Computer Communications

Volume 167, 1 February 2021, Pages 15-30
Computer Communications

Flow length and size distributions in campus Internet traffic

https://doi.org/10.1016/j.comcom.2020.12.016Get rights and content

Abstract

The efficiency of flow-based networking mechanisms strongly depends on traffic characteristics and should thus be assessed using accurate flow models. For example, in the case of algorithms based on the distinction between elephant and mice flows, it is extremely important to ensure realistic flows’ length and size distributions. Credible models or data are not available in literature. Numerous works contain only plots roughly presenting empirical distribution of selected flow parameters, without providing distribution mixture models or any reusable numerical data. This paper aims to fill that gap and provide reusable models of flow length and size derived from real traffic traces. Traces were collected at the Internet-facing interface of the university campus network and comprise four billion layer-4 flow (275 TB). These models can be used to assess a variety of flow-oriented solutions under the assumption of realistic conditions. Additionally, this paper provides a tutorial on constructing network flow models from traffic traces. The proposed methodology is universal and can be applied to traffic traces gathered in any network. We also provide an open source software framework to analyze flow traces and fit general mixture models to them.

Introduction

Flow-based switching and routing has been gaining the attention of researchers for a quite some time [1]. It can be advantageous in comparison to per-packet switching, especially with regard to traffic engineering [2], quality of service (QoS) [3] or security [4]. For example, flow routing enables multipath and adaptive approaches, which are impossible to achieve in per-packet routing due to routing loops and route-flapping constraints, respectively [5].

The efficiency of numerous flow-based solutions strongly depends on traffic characteristics, and thus, should be assessed based on realistic and accurate flow models. An example of such solutions are traffic engineering mechanisms exploiting the heavy-tailed nature of IP flows. To the best of our knowledge, the first paper exploring such a possibility is [6], in which the authors proposed heuristic that differentiates traffic into elephant and mice flows. Then, assuming that elephant flows have a more significant impact on network performance, this type of traffic is routed adaptively to the current network load, while flows classified as mice are handled using the shortest paths.
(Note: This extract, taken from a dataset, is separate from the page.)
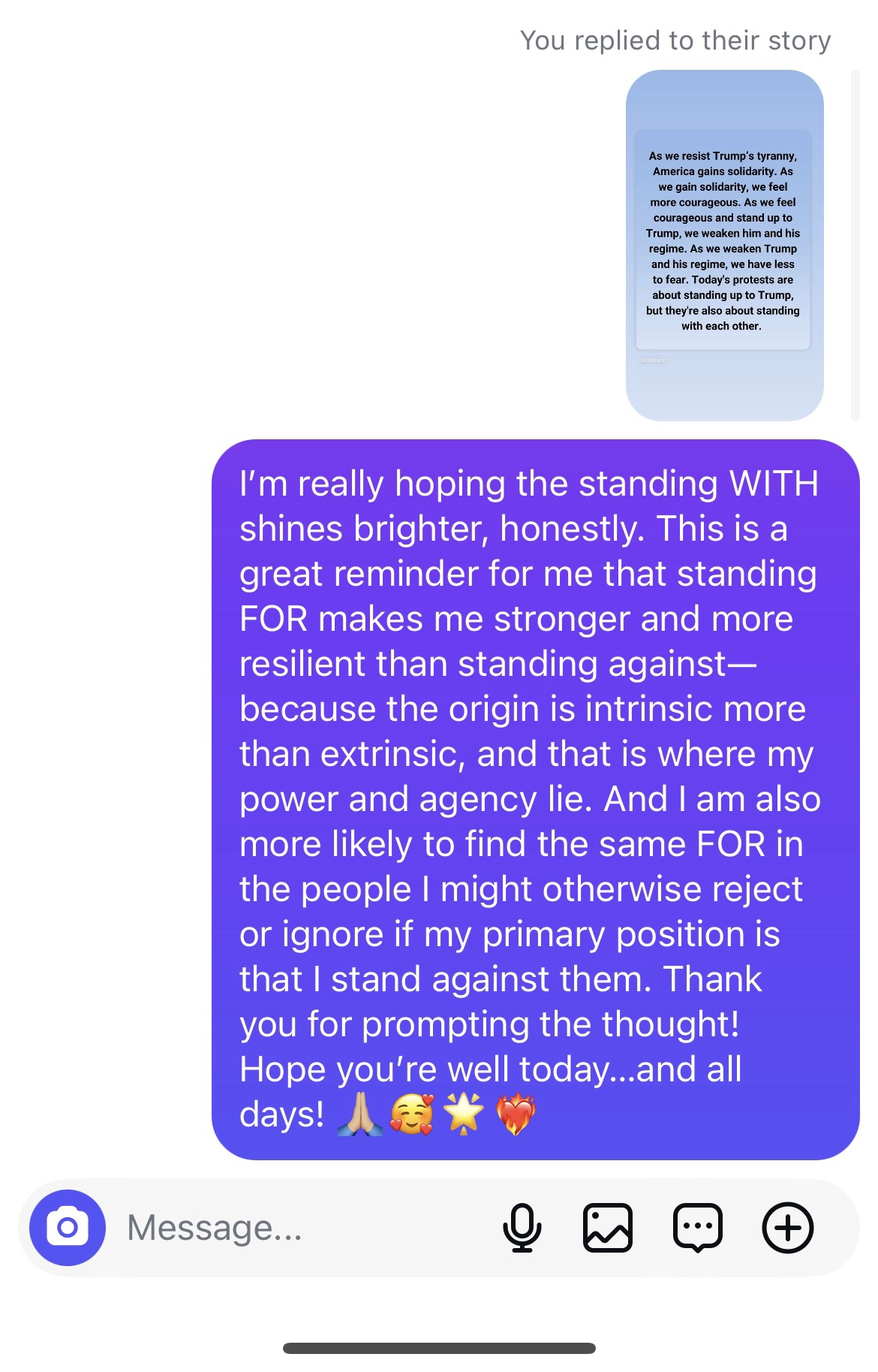 “There are so many calls to ‘fight,’ so many adversarial, us vs. them, good vs. evil narratives surrounding us right now. And while I abhor so many actions taken by ‘leaders,’ I still resist to call them evil and dehumanize them… That feels antithetical to the ethos of love and connection that I wish/strive to live by… But OMG it is challenging to resist that ad hominem train! *sigh*
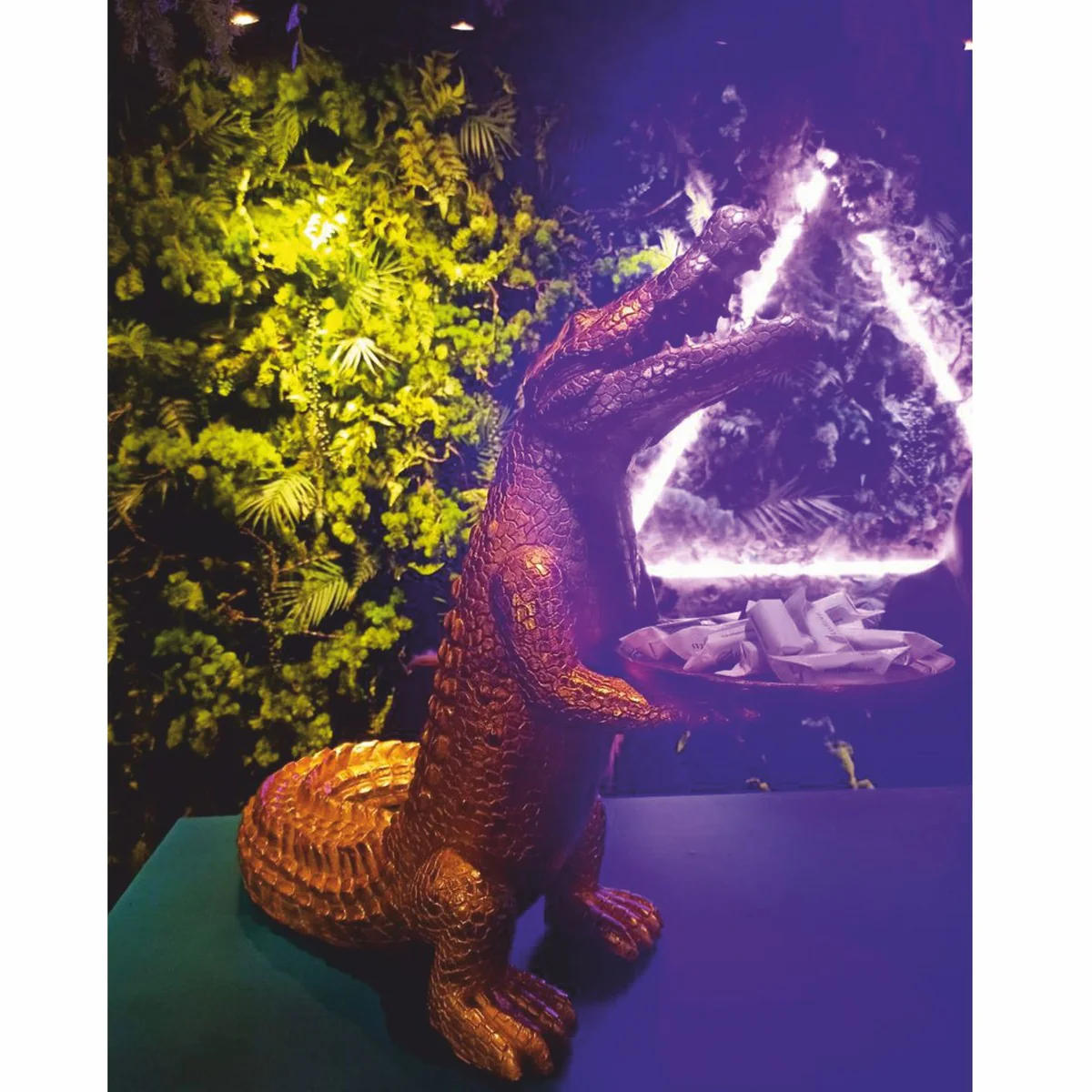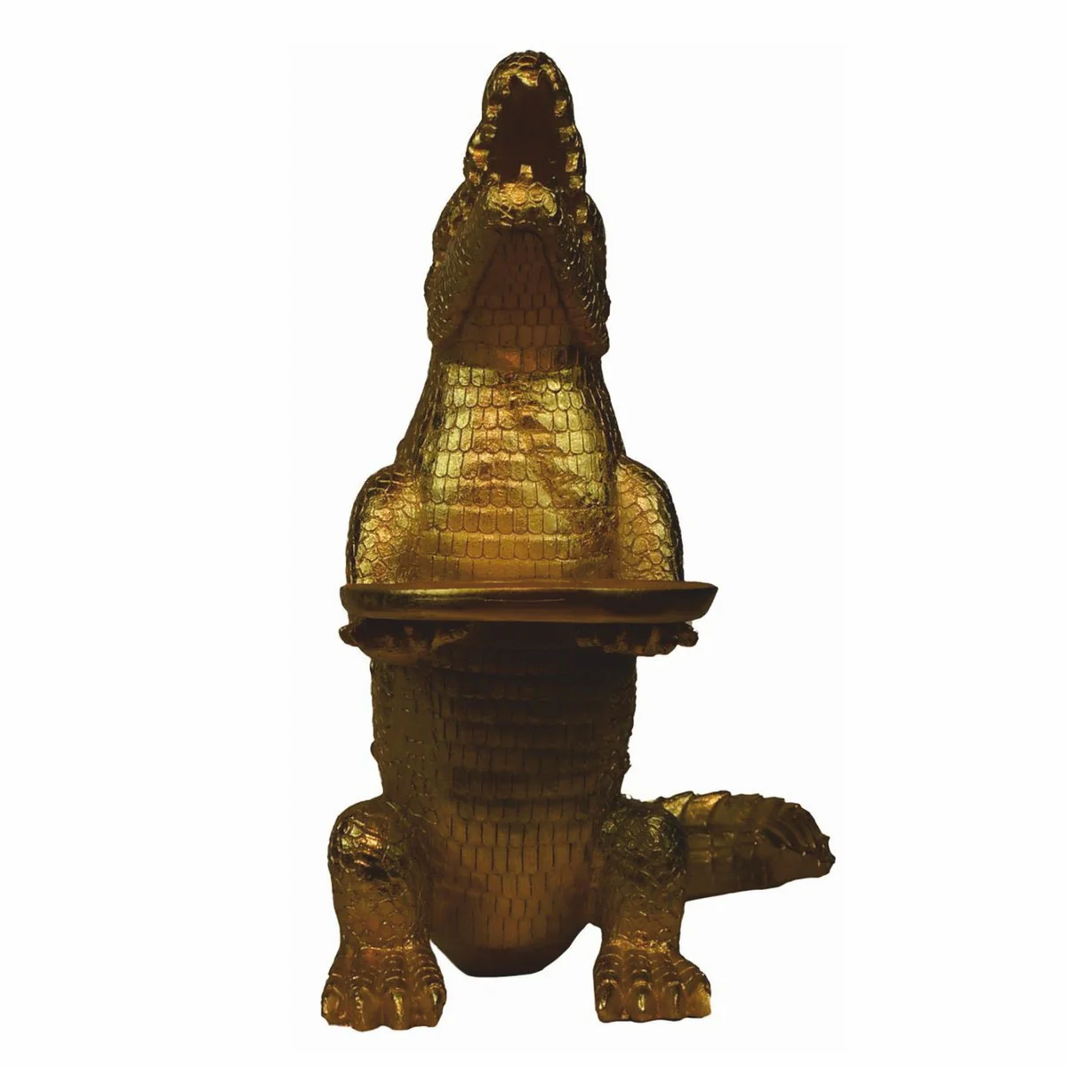 Casa Padrino escultura decorativa de lujo cocodrilo con bandeja oro A. 52 cm - Figura decorativa

Recently, the heavy-tailed nature of IP flows is being exploited to reduce management overheads in software-defined networking (SDN). For example, in work [7], the authors employed a reinforcement learning approach to detect elephant flows in advance to limit the number of flow entries in forwarding tables.

To reliably evaluate such ideas, realistic distributions of flows’ length and size must be ensured. Unfortunately, such a data is not available in the literature. For example, the authors of [6] used distributions extracted from their own traffic measurements, but they did not provide any reusable data and their trace was limited to only one week. By contrast, the authors of [7] assumed a 1:9 constant ratio between elephant and mice layer-4 flows and fixed flow sizes of 25.6 MB and 256 KB, respectively. Such assumptions are not only arbitrary, they also often do not correspond to reality, as we show in this work.
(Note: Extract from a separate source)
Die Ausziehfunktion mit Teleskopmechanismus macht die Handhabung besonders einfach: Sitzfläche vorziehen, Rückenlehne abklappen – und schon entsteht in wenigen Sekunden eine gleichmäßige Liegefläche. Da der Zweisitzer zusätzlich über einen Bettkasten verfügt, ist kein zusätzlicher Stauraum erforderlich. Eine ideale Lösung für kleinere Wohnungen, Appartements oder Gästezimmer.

The lack of realistic models negatively impacts on the credibility of results presented in numerous papers. Moreover, different and arbitrary assumptions in various works exclude the possibility to effectively compare different solutions. As we show in related works, all the papers attempting address this issue provide plots presenting empirical probability density functions (PDFs) or cumulative distribution functions (CDFs) of selected flow parameters at best. None of these papers provide distribution mixture models or even reusable numerical data of any kind.

This paper’s goal is to provide accurate flow statistics and reusable distribution mixture models of flow’s length and size for any researchers who may need such a data. We believe that these models can be considered as general models of typical Internet traffic, and thus, widely used in numerous applications, including AI and Big Data. Examples of such the applications are summarized in Table 1. Furthermore, we provide a tutorial and software for building similar models based on data gathered in any network.

The structure of this paper is as follows. First, we present the methodology with a tutorial covering the following steps:

  • collecting flow records,

  • cleaning the data,

  • merging split flow records,

  • data binning and plotting,

  • fitting mixture models to data,

  • generating realistic traffic based on these models.

For each step, we provide tips and highlight caveats and possible pitfalls. In addition to the methodology and tutorial, we provide an open source software framework comprising tools aimed at performing these steps. The framework is designed with big data analysis capabilities in mind. Specifically, it supports out-of-core computing, making possible to analyze data which exceeds available memory. Moreover, most processing steps can be scaled horizontally using the well-established map-reduce technique. Therefore, provided implementation is not limited in terms of the number of processed flow records. Together, the provided methodology and framework create an opportunity for any interested parties to extract traffic characteristics from their networks and validate any potential mechanisms before applying them in the production environment.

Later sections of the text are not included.